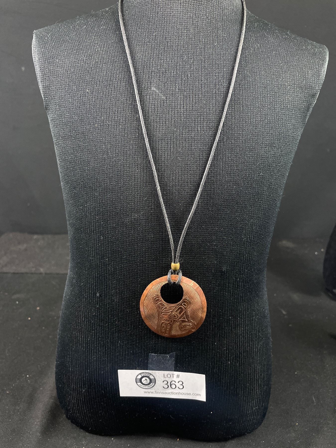 Vintage Hand Crafted Haida Copper Pendant with Black Cord Necklace
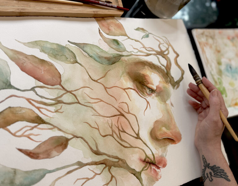 Em presença, o silêncio torna-se um território habitável onde flui uma dança entre água e cor. Ali, essa linguagem cria raízes e brota em forma de aquarela.
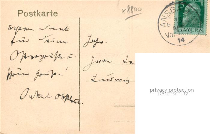 42957436 alte Postkarte Ansbach Mittelfranken Gesamtansicht postalisch gelaufen Erhaltung siehe scans [AndreD76] KatCode: 11110009561000
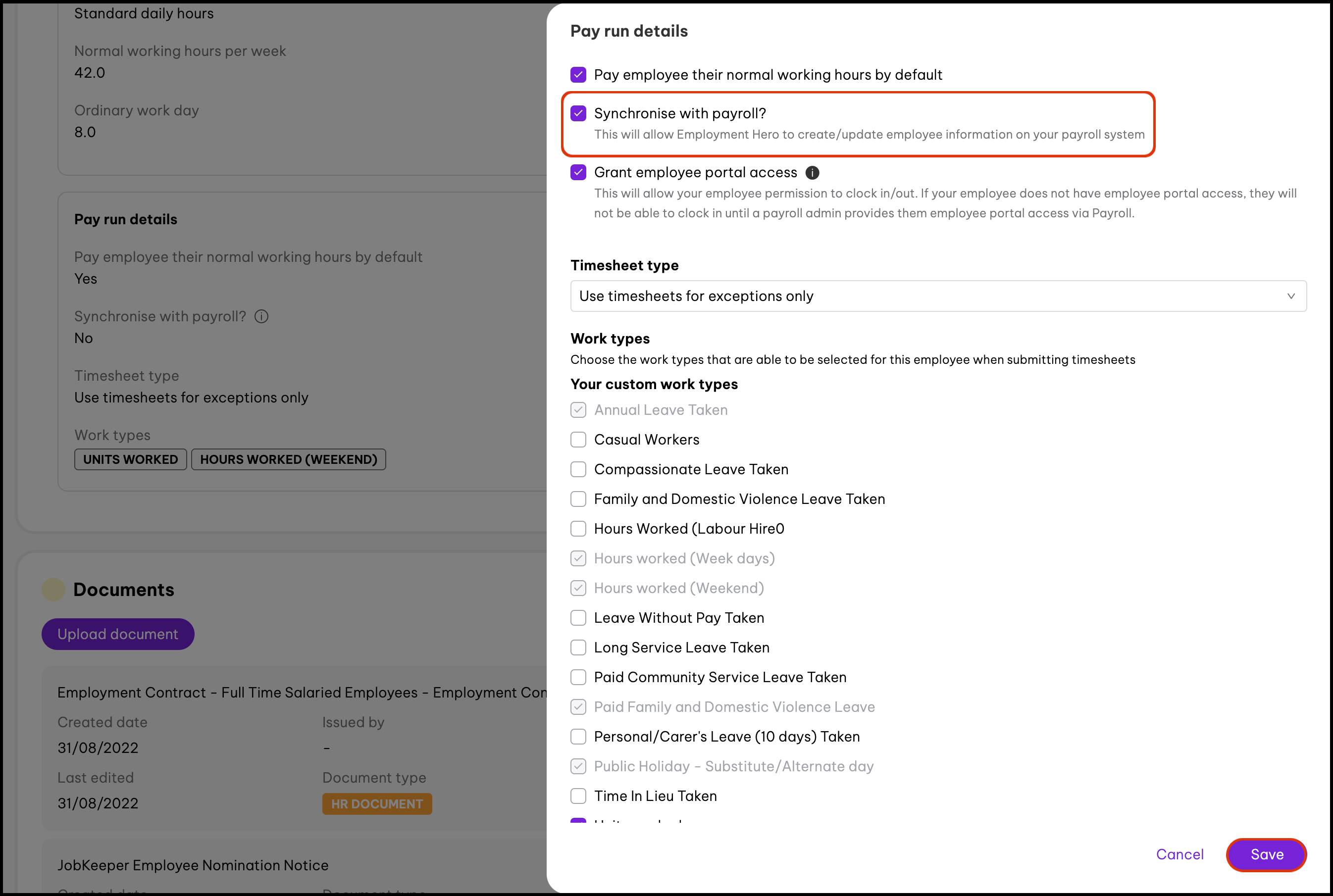 If the automatic conditions are met and the employee still cannot access their pay slip, verify that there is an active connection to your chosen payroll platform. You can check this connection through their employee file under the Pay Run Details tab. The steps to do this are:
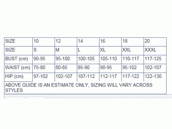 SIZES S/10, M/12, L/14, XL/16 & XXL/18 AVAILABLE
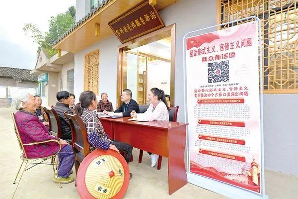 重庆市忠县纪委监委开展“整治形式主义、官僚主义问题,群众有话说”接访活动,深入村组社区、田间地头,了解发生在群众身边的形式主义、官僚主义问题线索。图为该县纪检监察干部在新立镇官坪村向群众了解相关情况。彭俊华 摄
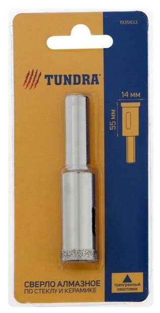 Сверло алмазное по стеклу и керамике TUNDRA, трехгранный хвостовик, 14 х 65 мм
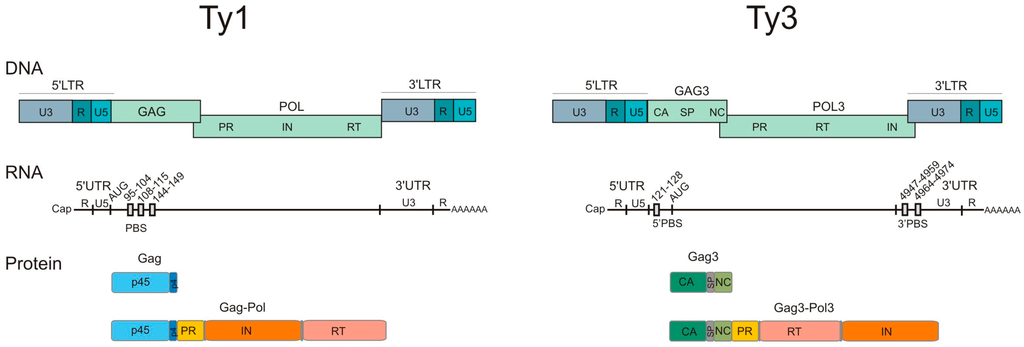 Ty1 and Ty3 share many important structural and functional characteristics. The elements are similar in size; integrated full-length Ty1 is 5.9 kb, and the Ty3 element is 5.4 kb in length. Both elements contain two overlapping open reading frames (ORFs), GAG and POL, flanked by long terminal repeats (LTRs) [,,,] (Figure 1). The GAG ORF encodes the Gag capsid-like protein, while the POL ORF encodes enzymes required for Gag and Gag-Pol maturation (protease (PR)), retrotransposon replication (reverse transcriptase (RT)) and integration into the host genome (integrase (IN)). Organization of the Ty3 POL3 ORF is akin to that of retroviruses (PR-RT-IN) while the Ty1 POL ORF sequence order is PR-IN-RT [,,].
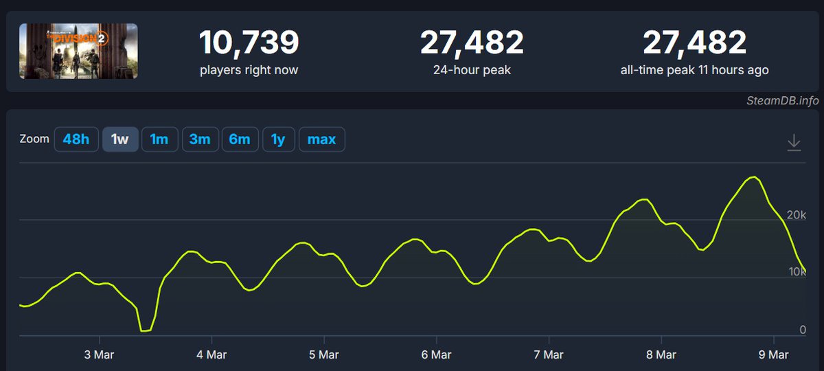 На релизе онлайн в Steam-версии The Division 2 едва превысил 11 тысяч человек, в последние месяцы онлайн в лучшем случае поднимался до 7 тысяч человек. Нынешнему рекорду игра обязана юбилейным эвентам.
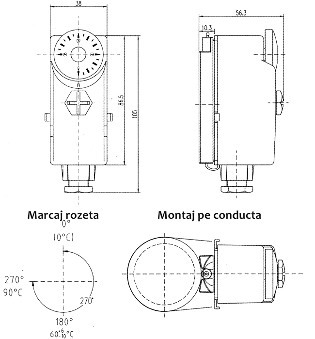Termostatul are plasat frontal o rozeta de reglaj cu grila marcata in °C, pentru reglarea temperaturii in domeniu 0 … +90°C.
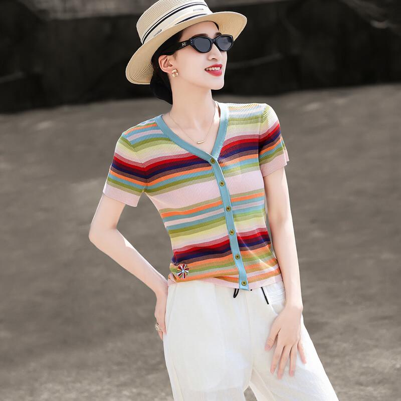 Lansere Women's Striped V-Neck Knit Short-Sleeve Top
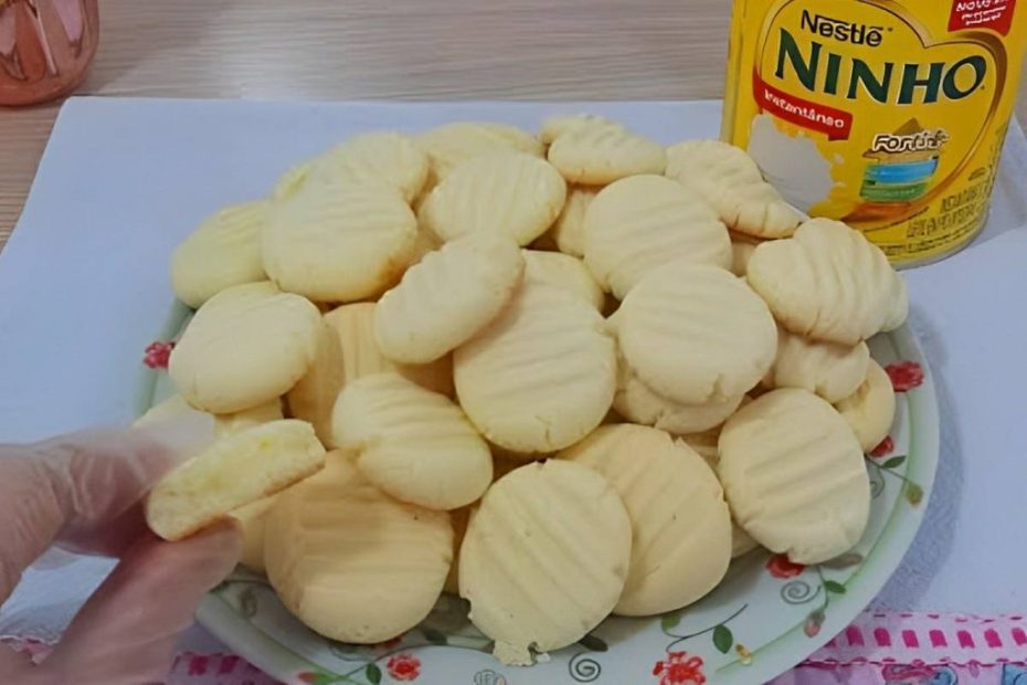 Bolachinha de leite condensado com leite ninho que derrete na boca para servir com café ou chá
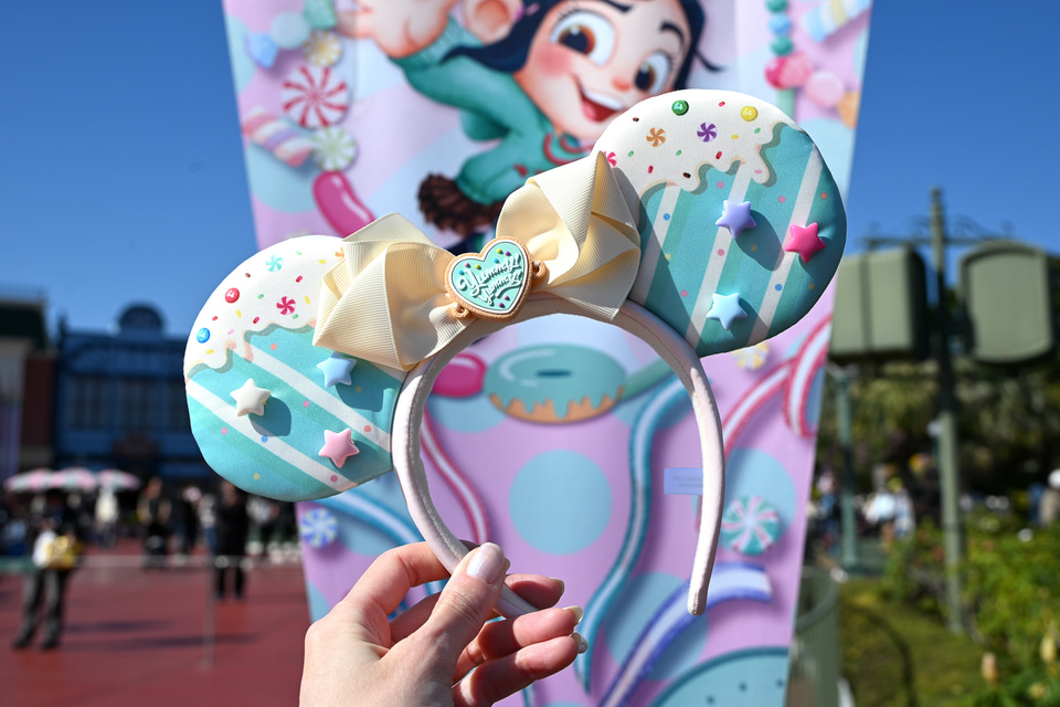 パークでイベントへの没入感をより盛り上げるアイテムといえば、身につけグッズ。新作は映画「シュガー・ラッシュ」同様にお菓子の世界観が溢れた品々が目白押し。
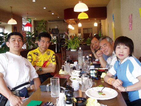 ここで流れ橋から引き返して来たClifさんと合流。いかにも走りそうないでたちに一同から歓声あがる。
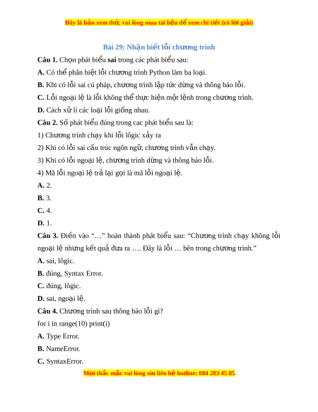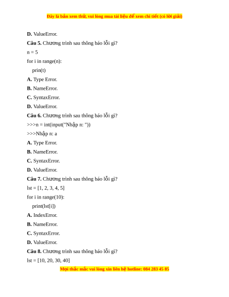 Đây là bản xem th , vu ử i lòng mua tài li u ệ đ xe ể m chi ti t (c ế ó l i ờ gi i ả ) print(lst[6]) A. NameError. B. SyntaxError. C. ValueError. D. IndexError. Câu 9. Chư ng t ơ rình sau m c ắ lỗi gì? #Tính tích c a 3 s ủ ố nguyên dư ng đ ơ u t ầ iên. >>>s = 1 >> for i in range(3) >>>s = s * i >>>print(s) 0 A. Lôgic. B. Sai cú pháp. C. L i ỗ ngo i ạ l . ệ D. Không có lỗi. Câu 10. Mã l i ỗ ngo i ạ l c ệ a l ủ nh s ệ au là float(“2 + 3”) A. IndexError. B. TypeError. C. ValueError. D. SyntaxError. Câu 11. Mã l i ỗ nào đư c đ ợ a ư ra khi l nh t ệ h c hi ự n phép chi ệ a cho giá tr 0 ị A. ZeroDivisionError. B. TypeError. C. ValueError. D. SyntaxError. M i
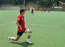 強化合宿スケジュール/7人制日本代表候補・7人制学生日本代表候補メンバー ●7月6日(火) 本日はポルトガル大会の初戦と同じコンディションで調整をということで、朝9:00からライトトレーニング。お昼からの試合に合わせて体を起こします。ジョギング・ストレッチを交互に繰り返しながら、体をほぐし、50m走を強度を変えて10本ほど走りました。 その後宿舎に戻り、朝食、休憩をとって、昼前からウォーミングアップを開始。12:00から流通経済大学選抜チームに胸をかりて7分3本の試合を行いました。 ジャパンの学生チームは、スピードとボールキープ力で勝り、ジャパンの学生チームの勝利。チームとしてのまとまり、コミュニケーションは、前試合、前々試合に比べ確実に成長しており、ポルトガル遠征での結果が期待されます。 本日で合宿は終了となりました。5泊6日、7人制代表のためにご協力を頂いた流通経済大学およびラグビー部の関係者の皆様に心より御礼申し上げます。おいしい食事と素晴らしい環境をありがとうございました。 ジョギングでゆっくり体をほぐす 体幹強化は毎日の日課です 徐々にスピードをあげていきます 判断を早く 村田監督のSH鶴田へのマンツーマン指導 試合間のブレイクでしっかりと課題修正する 最後は全員で記念撮影 ●7月5日(月) 午前中はディフェンスにフォーカスしてトレーニングを行いました。午後の試合を想定しながら、2対3、3対4、6対7と最後にはグラウンドの全面使ってしっかり走りこみを行いました。午後は流通経済大学の皆さんに協力いただき、練習試合を3試合実施。 2試合目からは、埼玉工業大学のパエア・ミフィポセチ選手とロトアヘア・ポヒヴァ選手、山梨学院大のマーフィー・レイルア選手に流経大チームに入ってもらい、対外国人選手を想定して試合に臨みました。ブレイクダウンで激しい攻守の交代がありましたが、プレッシャーを掛けてディフェンスをすることで、それが機能して完勝することができました。明日は合宿最終日となります。 ◎村田監督 「アジア競技大会候補選手が帰り、学生主体になったチームは、本日午後から流通経済大学ラグビー部を相手に3試合(6ハーフ)を行いました。 試合間の休み時間も少なく、選手にとっては非常にキツかったと思われますが、世界を相手に戦う為には必要な試合数でした。 今日の試合のMVPを決めるならば、CTB(途中SO)に入った坂井選手。キック、タックル、アタック&ディフェンスに率先して前に出ていくプレーは、チームを鼓舞し、押し上げくれました。また、フォワードの園中&高井の両選手もフィジーでの経験が活き、随所に好プレーを披露していました」 しっかり体をほぐす 正海選手はリハビリ中 試合を想定してしっかりと体をあてる 村田監督から球出し 積極的に前に出ることを意識 体幹をしっかりと鍛える 試合前のダイナミックストレッチ 体を当てて試合前に臨む ハーフタイムで岩渕コーチからの指示 村田監督からの指示 原田レフリーと試合内容について意見交換 ●7月4日(日) 選手達のコンディションと練習内容を考慮して、本日の午前中はオフ。午後のトレーニングと試合に備えます。学生日本代表候補選手達も午後から合流。午後は下農S&Cコーチが来てフィットネステスト、40m、立ち幅跳びの計測を行いました。今回の測定は、今後のアジア大会に向けての目標値の設定基準となる重要な計測であり、選手達もそれを意識して計測に臨みました。 テスト後は休憩をはさみ、アジア大会組と学生メンバーとで試合。学生主体のメンバーがどこまでトップリーグの選手が多数いるアジア大会組にむかっていけるかを試す良いチャンスとなりました。お互いにミスが多く、結果としてアジア組の勝利となりましたが、明日、明後日の試合でどこまでチームとしてまとまっていけるかがカギとなります。 本日でアジア登録メンバーは解散となり、明日から学生主体チームが中心となります。 ◎村田監督 「ゲームは学生主体チーム対アジア登録メンバーで2試合行いましたが、それぞれに持味が出た試合でもありました。しかし、チームとしてはまだまだで、伸びしろはたくさんあります」 試合前に村田監督から 今回の試合に向けて 試合直前 試合間のブレイクでのコミュニケーション 築城キャプテンと宇薄ゲームキャプテンから 試合後、堀江レフリーか感想とアドバイスを頂きました ●7月3日(土) 昨日、国立スポーツ科学センターで行われたメディカルチェックを経て、本日3日より流通経済大学での合宿が開始されました。 いよいよグラウンドでの練習初日、ではありますが、本日は7人制日本代表候補の集合を利用して、NHK教育テレビの収録が行われました。 収録されたのは、「テレビスポーツ教室」 もちろん、内容は7人制ラグビー。 練習方法などを解説した、基礎編となります。 パススキル、グリッドを使ったハンドリングスキル、1対1のディフェンス、など基礎的な様々なスキルが、7人制日本代
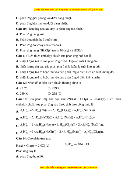 Câu 11: Biến thiên enthalpy chuẩn của phản ứng hoá học là
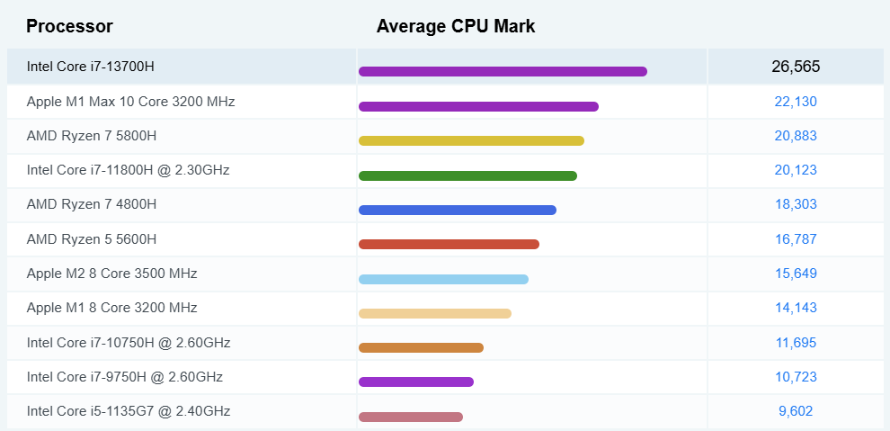 | CPU | Intel® Core™ i7-13700H 5.00GHz 14C/20T CPU Mark |
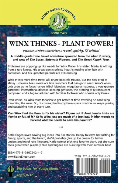 Winx Thinks - Plant Power! ...because carbon converters are cool, quirky, & critical A middle grade time travel adventure sprouted from the what if, worry, and wow of The Lorax, Sidewalk Flowers, and The Great Kapok Tree. Problems are popping up like weeds for Winx Muller. His sister, Marta, is wilting from a rare illness. His great-aunt's prickly input is making Winx itch with confusion. And his uprooted parents are still missing. Winx thinks more time travel will prune back his trouble. But the new crop of stinky Timeless Toe Covers are late bloomers that can go to seed. Winx's woes only grow as he faces hangry tribal islanders, megafauna madness, a very grumpy gardener, international disease-seeking geniuses, the droning of a translucent composer, and a toga-clad man with familiar footwear who speaks only Greek. Even worse, as Winx tests theories to get better at time traveling he can't stop trampling the rules. So, of course, the thorny time-space continuum keeps poking and scratching him at every turn. Can Winx find the flora to fix his sister? Figure out if Aunt Lena's hints are fertile or full of it? Or is Winx just too much of a lost ball in high weeds to harvest what he needs to save his parents?

::::::

WHAT THE EXERCISE ASKS>
Excluding any pictures, print exactly the lines of the listing above from the line with "42957436 alte Postkarte" to the line with "SIZES S/10, M/12, L/14, XL/16", both ends included.

EXERCISE SOLUTION>
 42957436 alte Postkarte Ansbach Mittelfranken Gesamtansicht postalisch gelaufen Erhaltung siehe scans [AndreD76] KatCode: 11110009561000
 If the automatic conditions are met and the employee still cannot access their pay slip, verify that there is an active connection to your chosen payroll platform. You can check this connection through their employee file under the Pay Run Details tab. The steps to do this are:
 SIZES S/10, M/12, L/14, XL/16 & XXL/18 AVAILABLE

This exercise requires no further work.